I made my first-ever B in calculus. This shocks some people, especially when they find out that I have a degree in math and when they find out just how much I like the subject. We can blame derivatives. Derivatives, it turned out, were surprisingly tricky creatures. Rates of change and applied problems involving derivatives that went beyond maxes and mins flew over my head, and for the first time I could say that I was really lost in a math class. This wasn’t supposed to happen; in my precalculus class the year before I actually understood some of the leftover scribblings from AP Calculus the hour before, and that involved derivatives, so what was going on now?

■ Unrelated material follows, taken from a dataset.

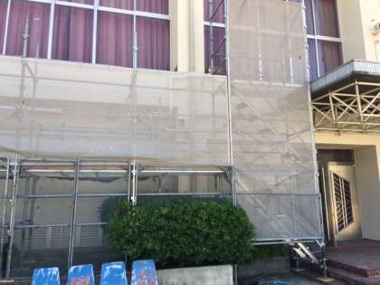 本校の体育館が避難場所になった時のために、体育館に空調設備をつける工事をしています。体育館横に足場ができています。

That lost feeling only turned into a mind-blowing feeling as I took more math. Maybe that mind-blowing feeling is a lost feeling in disguise as they share a lot of the same characteristics. I never did decide that. Whatever the case, you’d think feeling would go away at some point. It doesn’t. If anything, it gets worse after discovering exactly how much math is out there and how little I actually know. Every math class I took has introduced something so mind-blowing that I have to stop and let it sink it for a minute, sometimes several minutes, sometimes several days. One of my math professors actually made us stop to let theorems sink in, especially if they were particularly crazy and nonintuitive. (This happens a lot in real analysis when you can’t cling to calculus anymore.)
Yet for some reason, that feeling is exactly why I pick up a math book to read and work it for fun. Sometimes you can’t fight that feeling.